As shown in the illustration, when we partition a table horizontally it’s done row-wise based on the value of a particular column. In this case, we chose the date part of ordered_at column. Three different partitions have been prepared.

Syntax and parameters

The basic syntax for partitioning a table using range is as follows :

Main Table Creation:

CREATE TABLE main_table_name (
column_1 data type,
column_2 data type,
.
.
. ) PARTITION BY RANGE (column_2);

Partition Table Creation:

CREATE TABLE partition_name
PARTITION OF main_table_name FOR VALUES FROM (start_value) TO (end_value);

The parameters used in the above-mentioned syntax are similar to CREATE TABLE statement, except these :

PARTITION BY RANGE (column_2) : column_2 is the field on the basis of which partitions will be created.
partition_name : name of the partition table

FROM (start_value) TO (end_value) : The range of values in column_2, which forms the part of this partition. Note that start_value is inclusive, while end_value is exclusive.

Here is an example to illustrate it further.

Examples of SQL Table Partitioning

Imagine that you are working as a data engineer for an ecom firm that gets a huge number of orders on a daily basis. You usually store data such as order_id, order_at, customer_id, etc. in a SQL table called “e-transactions”. Since the table has a humongous amount of data in it, the low load speed and high return time, etc. have become a problem for data analysts, who use this table for preparing KPIs on a daily basis. What will you do to improvise this table, so that data analysts can run queries quickly?

A logical step would be partitioning the table into smaller parts. Let’s say we create partitions such that the partition stores data pertaining to specified order dates only. This way, we will have less data in each partition, and working with it will be more fun.

We can partition the table using declarative partitioning ie. by using a PARTITION BY RANGE (column_name) function as shown below.

CREATE TABLE e_transactions(
order_id varchar(255) NULL,
ordered_at date NULL,
shipped_at date NULL,
order_amount numeric(18, 0) NULL,
customer_id varchar(255) NULL
) PARTITION BY RANGE( ordered_at);

Output:

The table has been successfully created with provisions for partition.

Creating Table Partitions

Next, let us create partition tables for e-transactions table.

CREATE TABLE orders_2020_07_01
PARTITION OF e_transactions FOR VALUES FROM ('2020-07-01') TO ('2020-07-02');
CREATE TABLE orders_2020_07_02
PARTITION OF e_transactions FOR VALUES FROM ('2020-07-02') TO ('2020-07-03');

Output:

we have successfully created two partitions. The newly created partitions can be seen in the browser window.

Now, let us check the functionality of these table partitions by inserting a few records in the e-transactions table.

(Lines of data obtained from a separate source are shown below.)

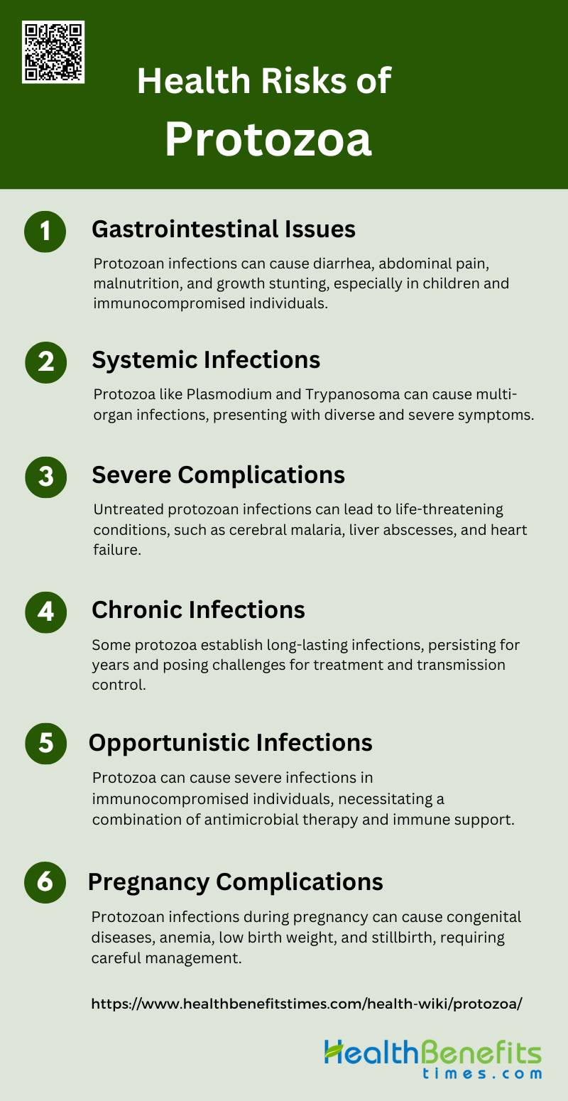 Protozoan infections pose significant health risks, affecting various systems in the body. These infections can lead to a range of health issues, from mild gastrointestinal disturbances to severe systemic complications. Below are some of the key health risks associated with protozoa: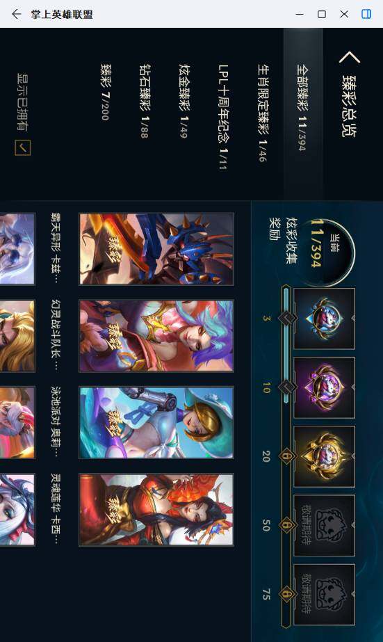 未定级段位-172英雄-565皮肤-304炫彩-2终极-22神话-80限定-56传说-137史诗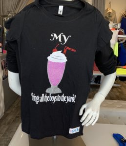 Fitted sparkly Milkshake tee. This product may be ordered in a black or white shirt. Please view all 3 photos in the product gallery for clarity in both colors.
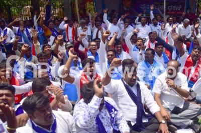 Photo Caption : Members Dalita Sangharsh Samiti protesting against the Supreme Court Ruling on SC ST Act at Anand Rao Circle, in Bengaluru on Monday 9th April 2018
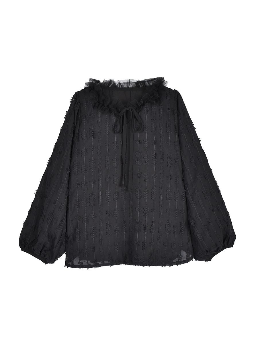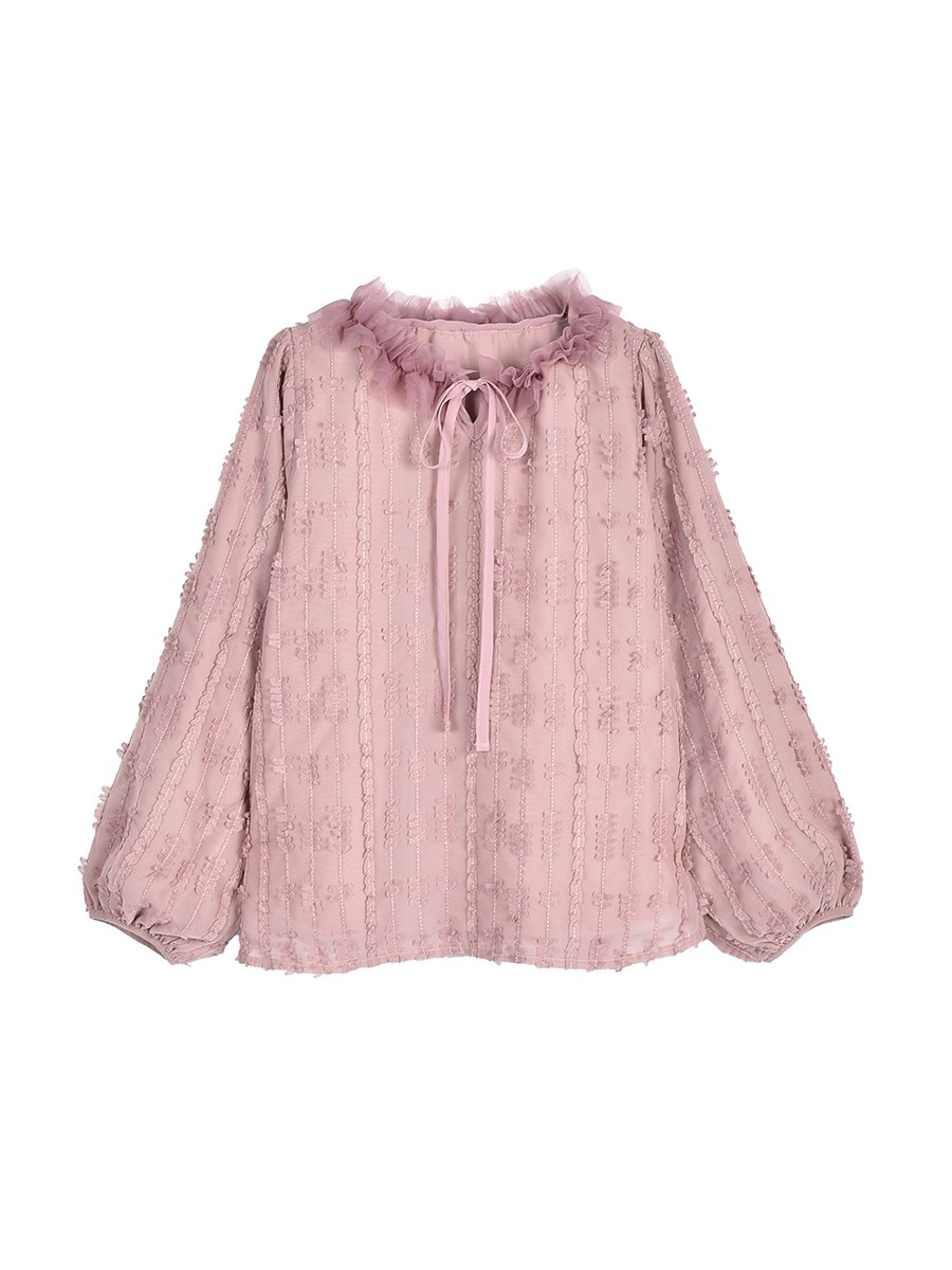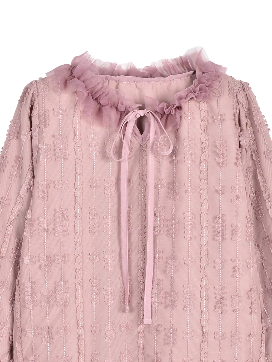 シアー感のある生地にリボンが飾られた立体感のある本体生地にフリルはチュールを使用しています。ボックスシルエットに&LOVEらしく衿にフリルをあしらい、袖口をパフスリーブに仕上げています。段違いのチュールフリルを衿元に付けました。そのままで着てもハイネックのインナーと重ねて着てもオシャレに着こなせます。衿元に付いた紐でスタイリングのバリエーションも楽しめます。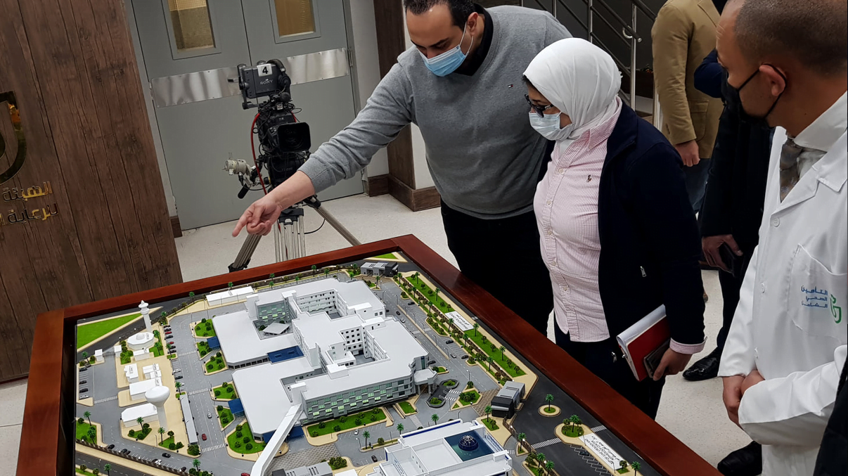 An architectural model for a medical complex in Ismailia, which was opened by the President Mr. Abdel Fattah EI-Sisi, and the Minister of Health, Dr. Halo Zayed, and Mr. Mostafa Madbouly, Prime Minister.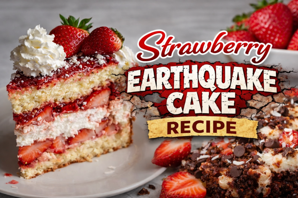 If you love decadent, ooey-gooey cakes like the famous “earthquake cakes” served in Southern bakeries and popular American restaurants, this strawberry version will steal your heart. Inspired by the indulgent dessert style made famous in Southern kitchens and elevated by pastry pros like Paula Deen, this Strawberry Earthquake Cake combines moist strawberry cake, creamy cheesecake swirls, coconut, white chocolate, and a buttery crackled top that forms naturally as it bakes.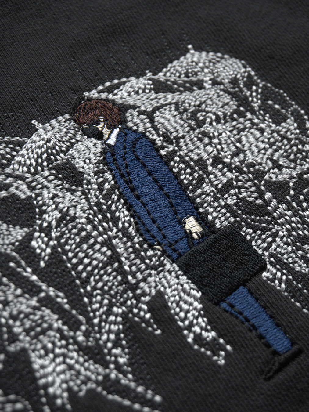 The "Karoshi" embroidery design shows a Japanese worker pausing for reflection amid a busy crowd. Rich in fine detail, it's ideal for T-shirts, sweatshirts, hoodies. Its large size highlights every intricate element — a bold piece for expressing your unique street style.
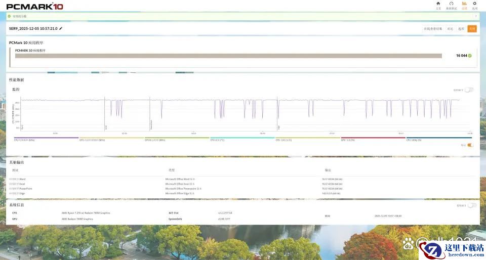生产力测试成绩上还是直接交给测试软件吧,给大家一个客观方便比较的成绩。首先是PCMark 10的Office 办公软件测试成绩为16044,大家可以参考一下。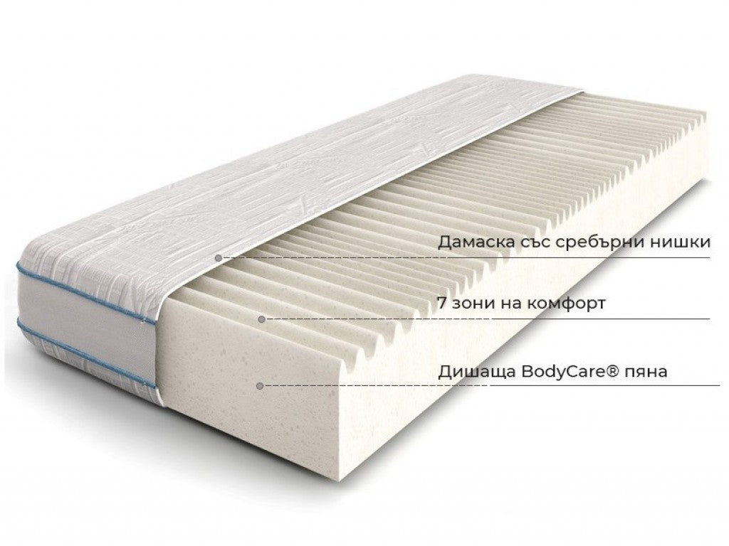 Матракът разполага с ядро от профилирана и дишаща BodyCare® пяна с отворена клетъчна структура, което осигурява отлична проветривост и комфорт по време на сън.

INSERT INTO public.e_transactions(
order_id, ordered_at, shipped_at, order_amount, customer_id)
VALUES (1,'2020-07-01','2020-07-02',456,'1'),
(2,'2020-07-02','2020-07-03',631,'1');

Output:

Let’s check if the records are stored in designated partitions or not. Our good old friend SELECT statement is here to help us.

SELECT * FROM orders_2020_07_01;

Output:

SELECT * FROM orders_2020_07_02;

Output:

We can clearly observe from the results of SELECT queries that partitions have been successfully created and used.

Removing Table Partitions

Let us assume that we no longer require one of the partitions. We can drop a partition by using the ALTER command.

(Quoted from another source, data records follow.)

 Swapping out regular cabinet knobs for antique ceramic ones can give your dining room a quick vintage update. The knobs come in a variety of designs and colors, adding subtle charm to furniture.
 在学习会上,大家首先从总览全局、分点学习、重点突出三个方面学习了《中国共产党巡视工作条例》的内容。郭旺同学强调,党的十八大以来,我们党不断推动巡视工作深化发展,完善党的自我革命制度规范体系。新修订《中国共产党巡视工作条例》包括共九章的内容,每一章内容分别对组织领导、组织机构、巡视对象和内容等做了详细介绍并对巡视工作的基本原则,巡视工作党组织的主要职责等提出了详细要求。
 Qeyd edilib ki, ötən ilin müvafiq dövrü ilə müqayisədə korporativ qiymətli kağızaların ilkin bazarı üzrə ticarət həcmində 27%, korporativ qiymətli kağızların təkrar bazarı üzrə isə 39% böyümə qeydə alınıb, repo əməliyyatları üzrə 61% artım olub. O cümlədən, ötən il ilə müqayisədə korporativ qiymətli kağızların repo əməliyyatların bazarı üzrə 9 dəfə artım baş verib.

ALTER TABLE e_transactions DETACH PARTITION orders_2020_07_01;

Output:

Now, the e_transactions table has only one partition as shown in the image below:

But, the orders_2020_07_01 has become a regular table now.

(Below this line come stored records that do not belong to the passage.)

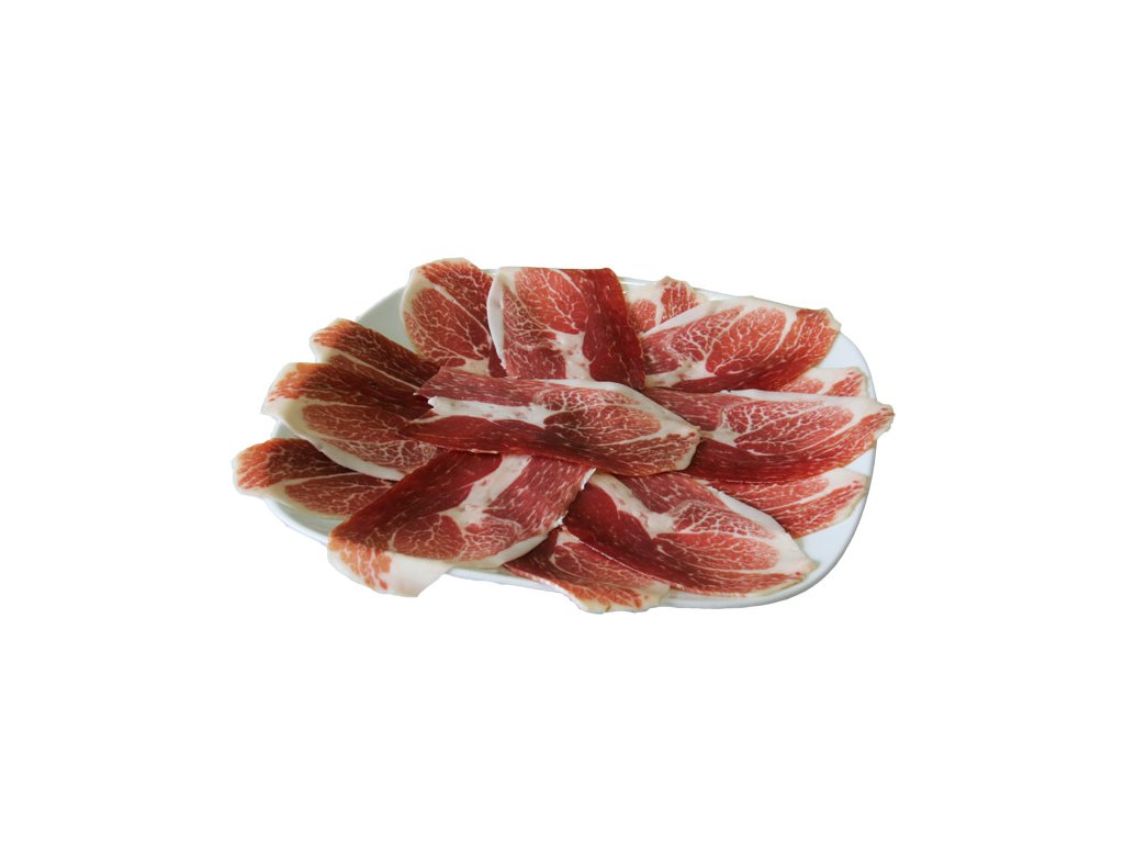 Složení: vepřová šunka cebo ibérico, mořská sůl, cukr, konzervanty (E-252 a E-250), dextróza a antioxidant (E-301).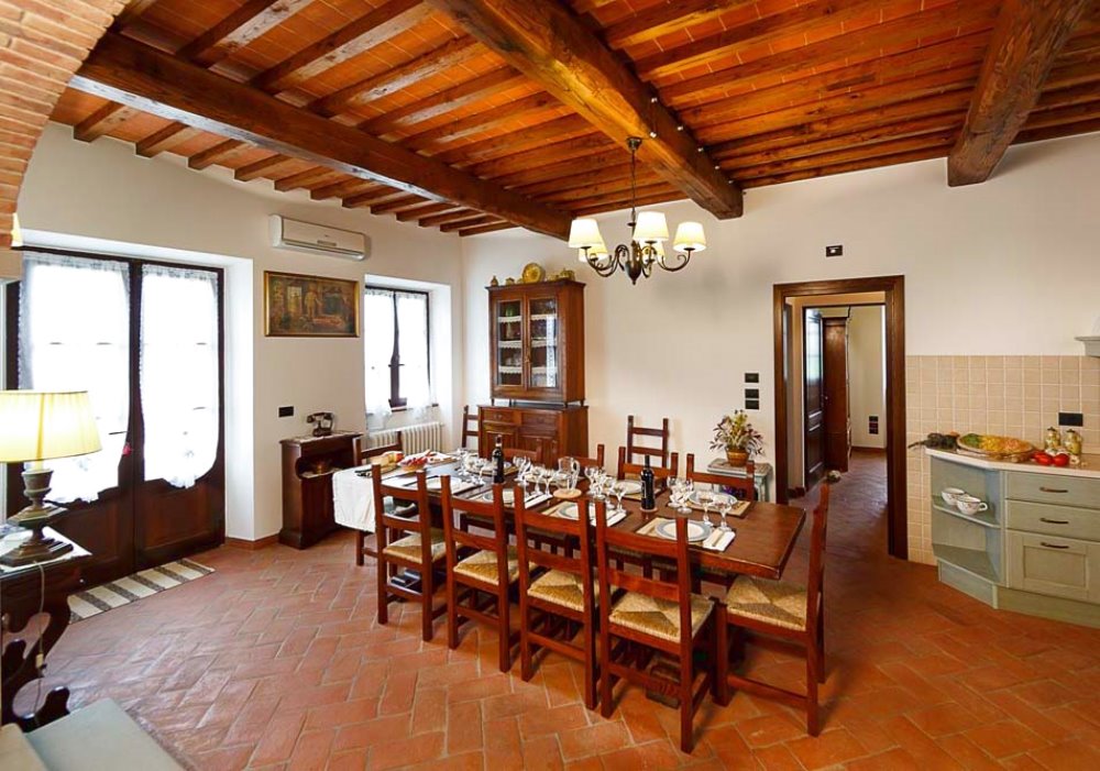 La Ginestra presenta una ampia zona giorno suddivisa da un particolare arco in pietra e mattoni, che separa il salotto dalla sala da pranzo.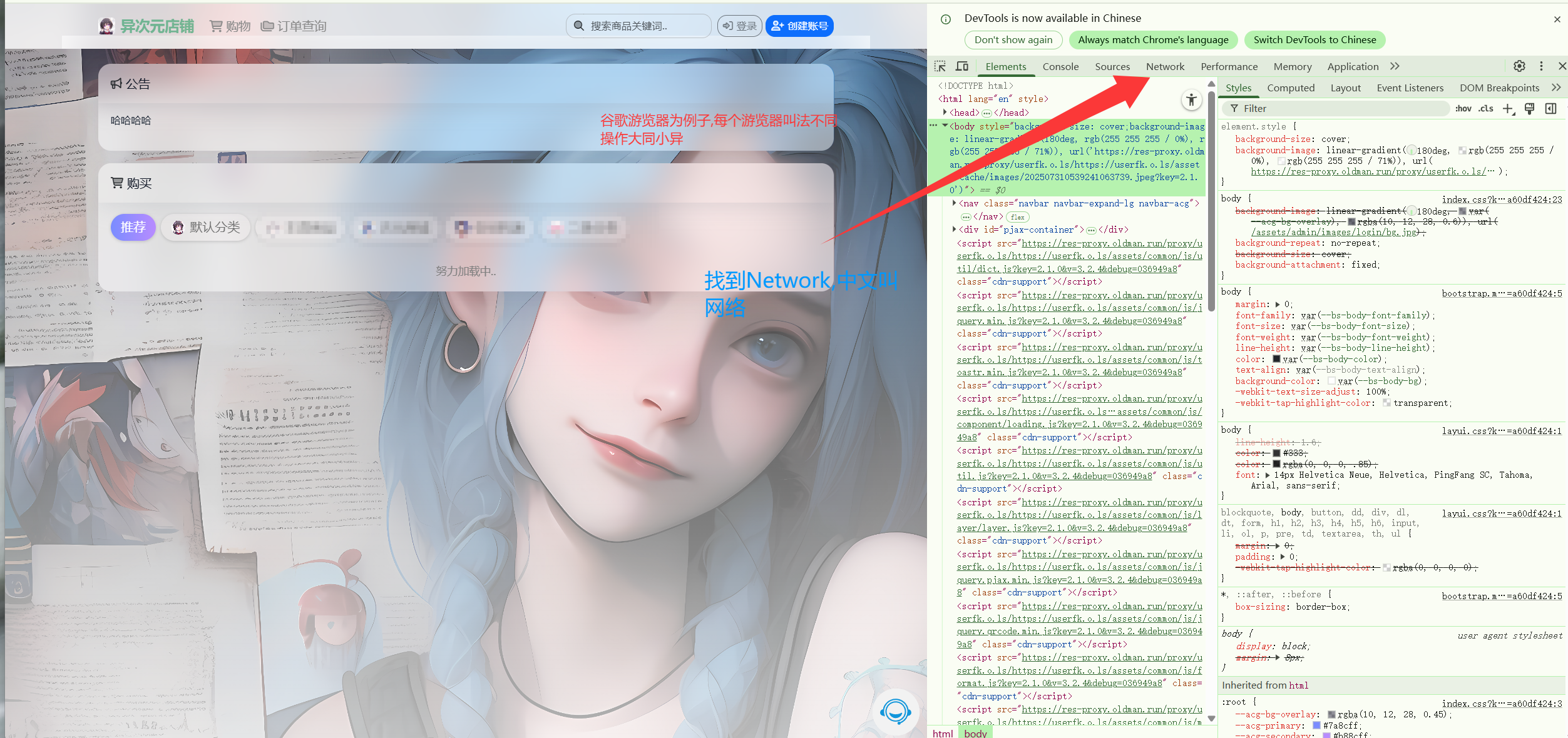 3.第三步,找到您的报错区域,错误系统分两种,分别为页面404报错,以及小黑条

In this case, we have used the ALTER command to remove a partition from the table but a DROP command can be used instead. However, we should note that the ALTER command will keep the partition table as a regular table after removing it from the partitions of the table, but DROP will remove it from the database. Hence, the former is the most preferred command.

Conclusion

Table partitioning is a method used in relational databases to divide a huge table into several smaller parts. This helps in executing queries on a huge table faster.